### WHAT IS REQUIRED
Please give every line below again exactly, but not its pictures.

········

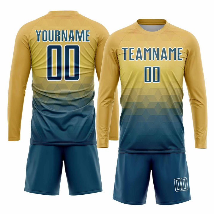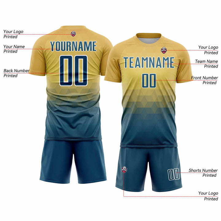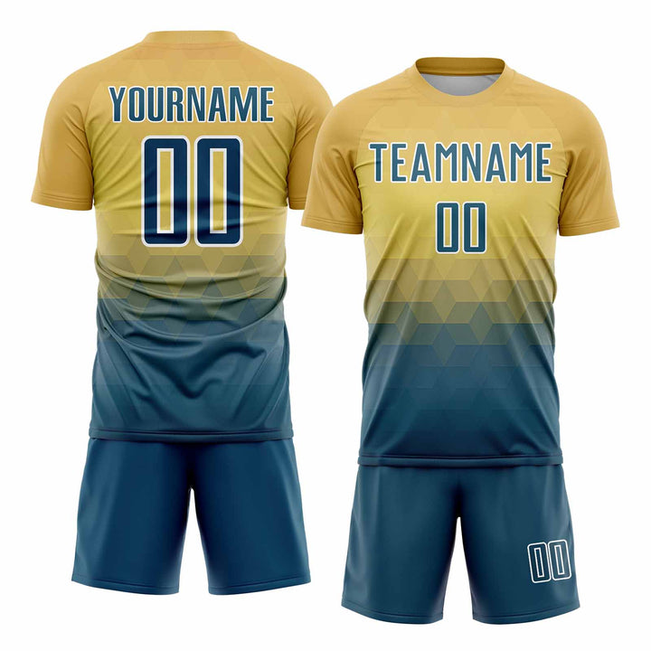 Custom Yellow US Navy Blue-White Geometric Triangle Classic Uniform Training Sets Soccer Jersey For Adults/Kids
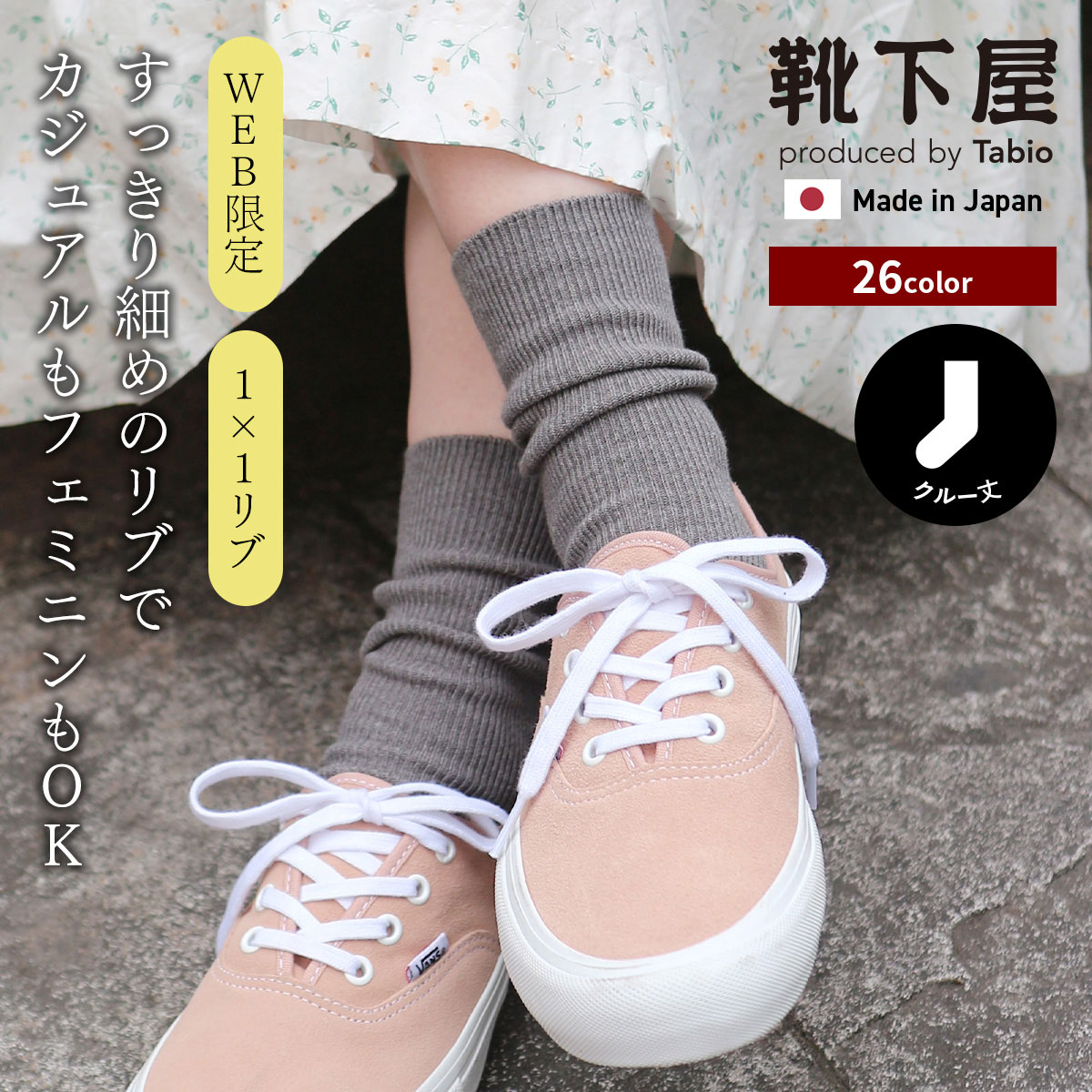 Tabio WEB限定 1×1 リブ ソックス 靴下屋 靴下 タビオ くつ下 クルー カジュアル フェミニン レディース 日本製
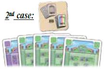 Example: The player may change their 4 green cards and 1 purple card to either 5 green or 5 purple cards.
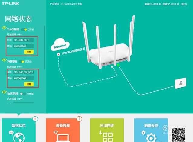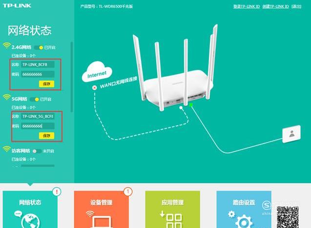 单击网络状态----->设置无线名称和无线密码----->单击保存.
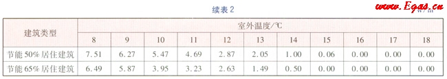 根據(jù)文獻[1]及GB 50736—2012《民用建筑供暖通風與空氣調(diào)節(jié)設計規(guī)范》、JCJ 26—2010《嚴寒和寒冷地區(qū)民用建筑節(jié)能設計標準》、JGJ 26—5《民用建筑節(jié)能設計標準(供暖居住建筑部分)》規(guī)定的汁算參數(shù),以烏魯木齊市供熱區(qū)域內(nèi)某居住建筑為例,進行能耗分析。該建筑坐北朝南,共6層,建筑高度為16.8m,總建筑面積為4112.64m2,體形系數(shù)為0.28。節(jié)能50%居住建筑外墻傳熱系數(shù)為0.43W/(m2·K),外窗的傳熱系數(shù)為2.47W/(m2·K);節(jié)能65%居住建筑外墻傳熱系數(shù)為0.35W/(m2·K),外窗傳熱系數(shù)為1.8W/(m2·K)。計算得出不同室外溫度(室外溫度取整數(shù))時,該居住建筑分別節(jié)能65%、50%時的供暖熱負荷指標,計算結(jié)果見表2。當室外溫度達到16℃時,鍋爐停止供暖,熱負荷指標為0,但由于烏魯木齊的晝夜溫差可逾20℃,因此存在白天停止供暖,傍晚及夜間又恢復供暖的情況。
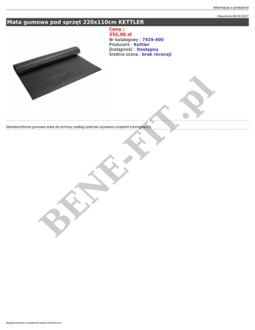 Informacje o produkcie Utworzono 08-03-2017 Mata gumowa pod sprzęt 220x110cm KETTLER Cena : 355,00 zł FI T .p l Nr katalogowy : 7929-400 Producent : Kettler Dostępność : Dostępny Średnia ocena : brak recenzji B EN E- Dźwiękochłonna gumowa mata do ochrony podłogi podczas używania urządzeń treningowych. Wygenerowano w programie www.oscGold.com
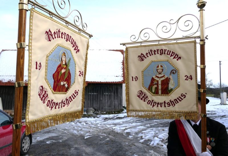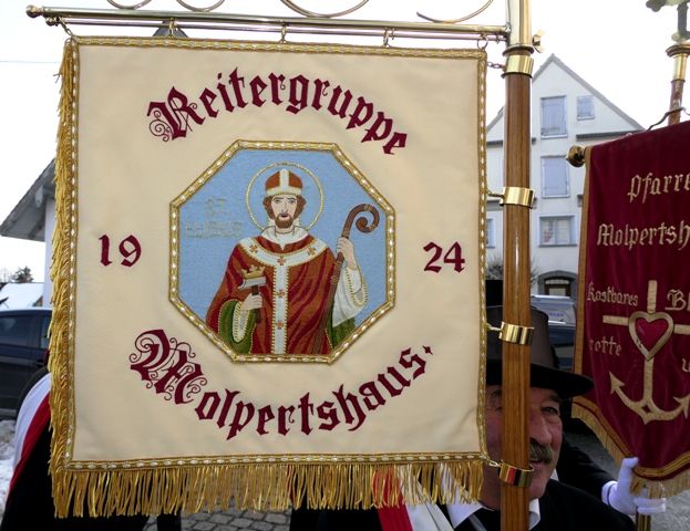 Im Hochamt anlässlich des Patroziniums konnte in der Pfarrkirche an ein erfreuliches Jubiläum mit einem würdigen Geschenk erinnert werden. Pater Hubert Vogel SDS segnete in einer feierlichen Zeremonie mit Weihrauch und Weihwasser die beiden ganz neuen Standarten der Blutreitergruppe mit gestickten Portraits der heiligen Katharina von Alexandrien und des heiligen Eligius von Noyon. Katharina wird in Molpertshaus als Kirchenpatronin verehrt, der nicht so bekannte Eligius von Noyon ist Patron der Mennisweiler Dorfkapelle und war Patron der im Jahre 1820 abgerissenen Loyenkapelle, die in Mennisweiler im Bereich der Kreuzung stand. Bis ins Jahr 1820 gab es in Mennisweiler im Gedenken an den heiligen Bischof Eligius, der einstmals Hufschmied war und einem störrischen Pferd, der Legende nach, ein Bein abnahm, um dieses zu beschlagen und danach wieder anzusetzen, einen nicht unbedeutende Prozession zu Pferde.

········

### ANSWER TO THIS PROBLEM
 Custom Yellow US Navy Blue-White Geometric Triangle Classic Uniform Training Sets Soccer Jersey For Adults/Kids
 Tabio WEB限定 1×1 リブ ソックス 靴下屋 靴下 タビオ くつ下 クルー カジュアル フェミニン レディース 日本製
 Example: The player may change their 4 green cards and 1 purple card to either 5 green or 5 purple cards.
 单击网络状态----->设置无线名称和无线密码----->单击保存.
 根據(jù)文獻[1]及GB 50736—2012《民用建筑供暖通風與空氣調(diào)節(jié)設計規(guī)范》、JCJ 26—2010《嚴寒和寒冷地區(qū)民用建筑節(jié)能設計標準》、JGJ 26—5《民用建筑節(jié)能設計標準(供暖居住建筑部分)》規(guī)定的汁算參數(shù),以烏魯木齊市供熱區(qū)域內(nèi)某居住建筑為例,進行能耗分析。該建筑坐北朝南,共6層,建筑高度為16.8m,總建筑面積為4112.64m2,體形系數(shù)為0.28。節(jié)能50%居住建筑外墻傳熱系數(shù)為0.43W/(m2·K),外窗的傳熱系數(shù)為2.47W/(m2·K);節(jié)能65%居住建筑外墻傳熱系數(shù)為0.35W/(m2·K),外窗傳熱系數(shù)為1.8W/(m2·K)。計算得出不同室外溫度(室外溫度取整數(shù))時,該居住建筑分別節(jié)能65%、50%時的供暖熱負荷指標,計算結(jié)果見表2。當室外溫度達到16℃時,鍋爐停止供暖,熱負荷指標為0,但由于烏魯木齊的晝夜溫差可逾20℃,因此存在白天停止供暖,傍晚及夜間又恢復供暖的情況。
 Informacje o produkcie Utworzono 08-03-2017 Mata gumowa pod sprzęt 220x110cm KETTLER Cena : 355,00 zł FI T .p l Nr katalogowy : 7929-400 Producent : Kettler Dostępność : Dostępny Średnia ocena : brak recenzji B EN E- Dźwiękochłonna gumowa mata do ochrony podłogi podczas używania urządzeń treningowych. Wygenerowano w programie www.oscGold.com
 Im Hochamt anlässlich des Patroziniums konnte in der Pfarrkirche an ein erfreuliches Jubiläum mit einem würdigen Geschenk erinnert werden. Pater Hubert Vogel SDS segnete in einer feierlichen Zeremonie mit Weihrauch und Weihwasser die beiden ganz neuen Standarten der Blutreitergruppe mit gestickten Portraits der heiligen Katharina von Alexandrien und des heiligen Eligius von Noyon. Katharina wird in Molpertshaus als Kirchenpatronin verehrt, der nicht so bekannte Eligius von Noyon ist Patron der Mennisweiler Dorfkapelle und war Patron der im Jahre 1820 abgerissenen Loyenkapelle, die in Mennisweiler im Bereich der Kreuzung stand. Bis ins Jahr 1820 gab es in Mennisweiler im Gedenken an den heiligen Bischof Eligius, der einstmals Hufschmied war und einem störrischen Pferd, der Legende nach, ein Bein abnahm, um dieses zu beschlagen und danach wieder anzusetzen, einen nicht unbedeutende Prozession zu Pferde.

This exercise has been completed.